O racismo atravessa o funcionamento dos órgãos de segurança pública e, se essa é sua face mais aparente, não devemos descuidar de como as outras instituições do fluxo da justiça criminal convalidam as más práticas que orientam aquelas agências. O fato de pessoas brancas também serem julgadas pelo Supremo Tribunal Federal - como sublinhou a Procuradoria Geral da República em sua manifestação - em nada altera essa realidade, sendo urgente uma mudança de paradigma sobre a questão racial a partir da própria Suprema Corte.

Conforme o IBCCRIM destacou no editorial da edição nº 360 deste Boletim, é questão central na luta antirracista o combate à violência institucional contra a população negra, manifestada em abordagens policiais discriminatórias, nas grandes operações policiais em favelas, no reconhecimento direcionado de pessoas e na política de guerra às drogas, que têm como consequências nefastas o encarceramento massivo e o genocídio de pessoas negras.

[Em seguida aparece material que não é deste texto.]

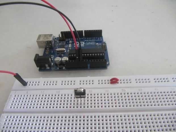 2 Coloque el receptor de infrarrojos en la placa y conecte sus pines especificados al poder, la tierra y el pin 11
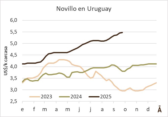 Además, el grueso de los productores no está especulando, ya que la idea es aprovechar las excelentes cotizaciones que alcanzó el mercado. La demanda se mantiene firme y con necesidad de asegurarse oferta para el mediano plazo. Hay frigoríficos cerrando contratos con corrales de engorde para diciembre y enero a precios fijos del orden de los US$ 5,60-5,70 el kilo. La expectativa es que el mercado se mantenga firme en los próximos días, pero seguramente dentro del rango de precios alcanzado desde fines de la semana pasada.
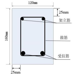 尺寸與強(qiáng)度:制作混凝土簡(jiǎn)支梁試件,截面尺寸為120mm×160mm,梁長(zhǎng)1800mm,設(shè)計(jì)強(qiáng)度等級(jí)為C30,采用P.O42.5級(jí)普通硅酸鹽水泥,鋼筋籠采用HRB335級(jí)螺紋鋼筋。
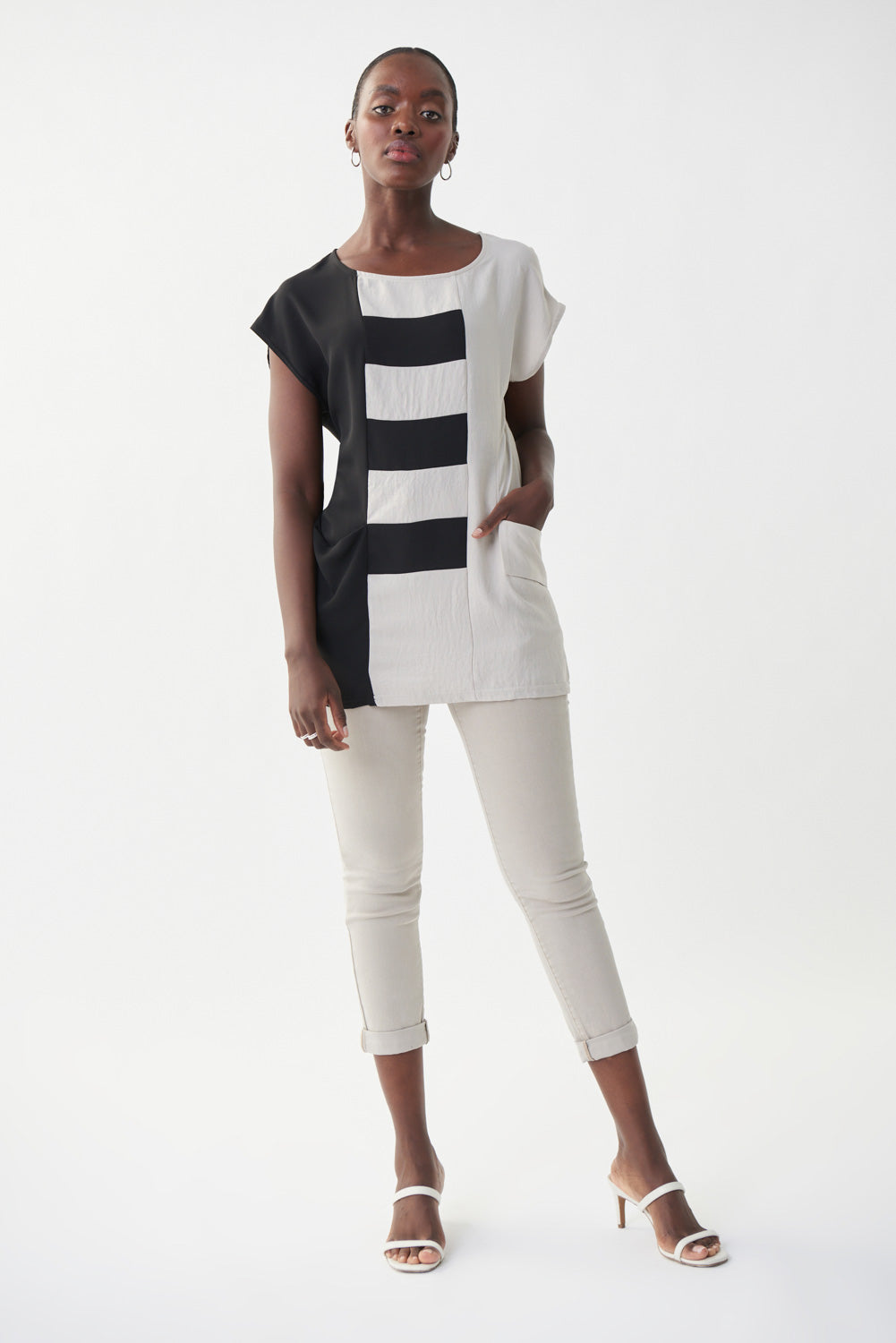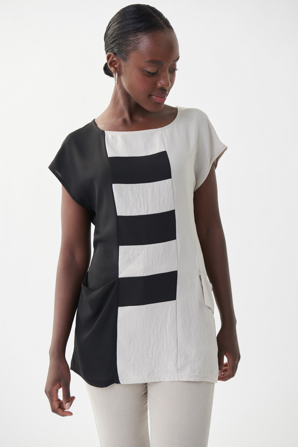Joseph Ribkoff Moonstone/Black Contrast Detail Top Style 222129

O combate a essa violência institucional se torna ainda mais relevante e urgente quando se tem em vista a adoção de novas tecnologias no campo da segurança pública. Ao contrário do que se possa imaginar, tecnologias não são neutras, mas produzidas a partir dos mesmos padrões e dinâmicas presentes no tecido social. Os ares de infalibilidade das inovações que nos aproximam do futuro e prometem dar conta de problemas crônicos não devem nos cegar à reprodução dos vieses racistas embutidos na programação desses aparatos.

Algoritmos de reconhecimento facial, por exemplo, são, em grande parte, treinados a reconhecer faces humanas a partir de bancos de dados muitíssimo extensos de rostos de pessoas majoritariamente brancas, o que inevitavelmente faz com que identifiquem a transgressão da lei em rostos negros. Essas tecnologias encontram-se em estágio avançado de implementação por todo o Brasil, sem que tenham sido submetidas a um debate público amplo e transparente, tampouco se façam acompanhar da devida prestação de contas sobre seus usos, objetivos, erros e acertos. Mais uma ferramenta com enorme potencial para aprofundar práticas institucionais violentas e discriminatórias contra a população negra.

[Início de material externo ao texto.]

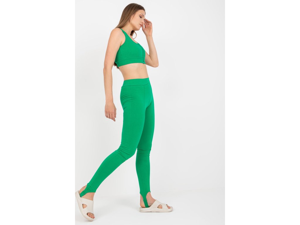 Zelené legíny s vysokým sedem a širokým elastickým pasem. Ideální pro mnoho stylů.
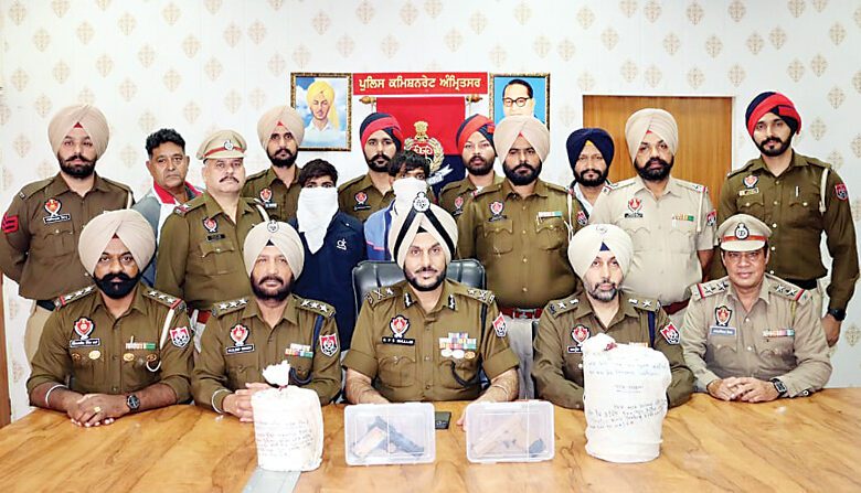 अमृतसर कमिश्नरेट पुलिस ने सीमा पार से हो रही मादक पदार्थों की तस्करी और अवैध हथियारों के कार्टेल का भंडाफोड़ कर बड़ी सफलता हासिल की है। इस ऑपरेशन में दो व्यक्तियों को गिरफ्तार कर उनके कब्जे से 3.5 किलोग्राम हेरोइन, 1.5 किलोग्राम मेथाक्वालोन पाउडर और दो पिस्तौल समेत एक अत्याधुनिक नौ एमएम ग्लॉक बरामद किया है। यह जानकारी देते हुए पंजाब के पुलिस महानिदेशक (डीजीपी) गौरव यादव ने आज बताया कि गिरफ्तार व्यक्तियों की पहचान वंश उर्फ बिल्ला (23), निवासी बिल्ले वाला चौक, अमृतसर, और सोनू चौरसिया (20), निवासी दशमेश नगर, अमृतसर, के रूप में हुई है। डीजीपी ने बताया कि मामले से जुड़े आग-पीछे के संबंधों का पता लगाने के लिए जांच जारी है। इस संबंधी ओर जानकारी देते हुए अमृतसर के पुलिस कमिश्नर (सीपी) गुरप्रीत सिंह भुल्लर ने बताया कि आरोपी वंश उर्फ बिल्ला की मादक पदार्थों की तस्करी में संलिप्तता की पुख्ता जानकारी के आधार पर सीआईए अमृतसर की पुलिस टीमों ने मोहकमपुरा क्षेत्र में जाल बिछाकर उसे गिरफ्तार किया।
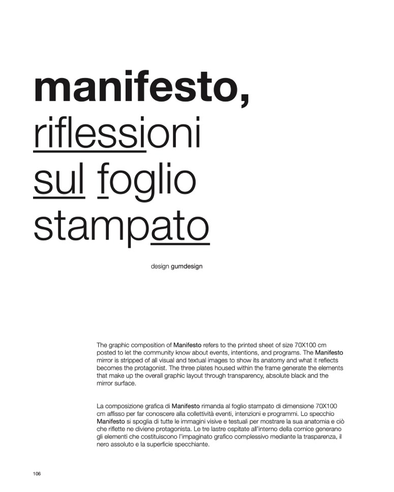 The graphic composition of Manifesto refers to the printed sheet of size 70X100 cm
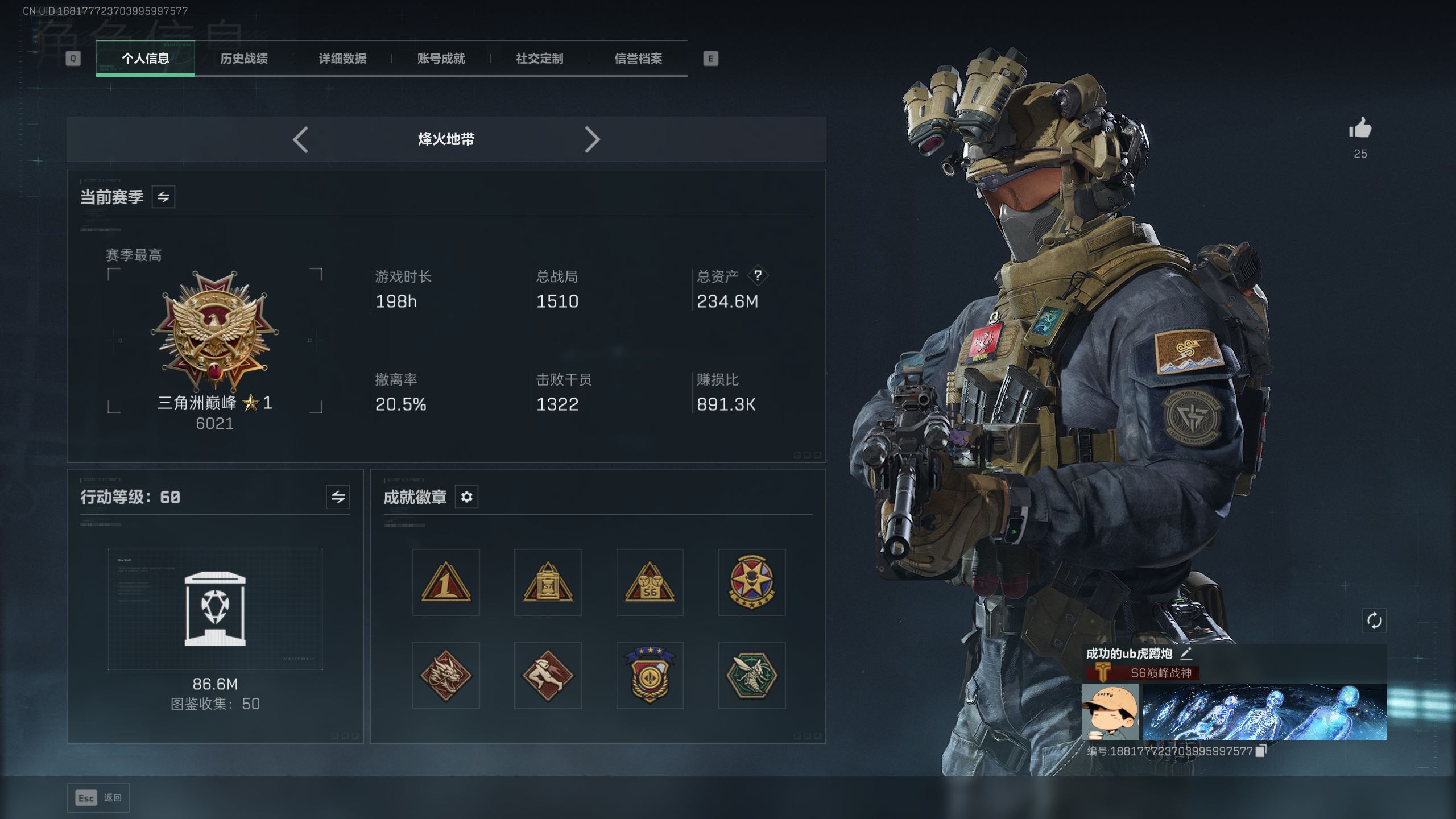 【游戏多多】 r50188 可二次qq【赛季9格】【行动等级60】【总资产368m】【-62226k哈伏币】【awm子弹86发】【仓库10/指挥中心6/训练中心7/靶场7/收藏室2级】【红狼-蚀金玫瑰,露娜-黑·天际线,骇爪-维什戴尔,蜂医-送葬人·无题密令,深蓝-不破誓约,红狼-电锯惊魂,露娜-金牌射手】【近战-北极星】【M4A1突击步枪-蚀金玫瑰,M4A1突击步枪-阿米娅,ASh-12战斗步枪-鹅鸭杀,SG552突击步枪-运动员,AK-12突击步枪-特斯拉线圈,SCAR-H战斗步枪-启航,G3战斗步枪-骑士,CAR-15突击步枪-阿米娅,腾龙突击步枪-捞点薯条,K437突击步枪-北极星,KC17突击步枪-电锯惊魂,UZI冲锋枪-特斯拉线圈,SR-3M紧凑突击步枪-特斯拉线圈,勇士冲锋枪-能天使-午夜邮差,QCQ171冲锋枪-北极星,QCQ171冲锋枪-鹅鸭杀,725双管霰弹枪-送葬人-无题密令,M250通用机枪-骑士之心,QJB201轻机枪-鹅鸭杀,R93狙击步枪-维什戴尔,AWM狙击步枪-捞点薯条,93R-捞点薯条,复合弓-黑·天际线】各种道具详情看截图、低价出售找回包 赔、截图展示段位不代 表实际段位,如赛季更新等不可抗拒因素发生变化、时限道具不保证所剩时间、标题未写送点劵默认不送【卖号买号首选亿梦】

Nesse cenário em que a modernidade e as práticas tradicionais se encontram, é extremamente necessário que o Supremo Tribunal Federal reconheça e combata o racismo sob as suas mais diversas manifestações, de modo a fazer valer os mandamentos da Constituição de 1988.

O HC 208.240, como advertiu o ministro Edson Fachin, é o típico caso de policiamento por estereótipo, que se opera pela fusão do perfil racial do criminoso à simples descrição de um local suspeito para justificar uma abordagem sem justa causa - "a diferença pode ser sutil, mas essa sutileza transforma ou mantém o mundo". Espera-se que, ao concluir o julgamento, o Supremo Tribunal Federal possa reconhecer a sutil diferença, resguardando a dignidade de Franciscos, Josés, Joões e Marias pelo Brasil afora.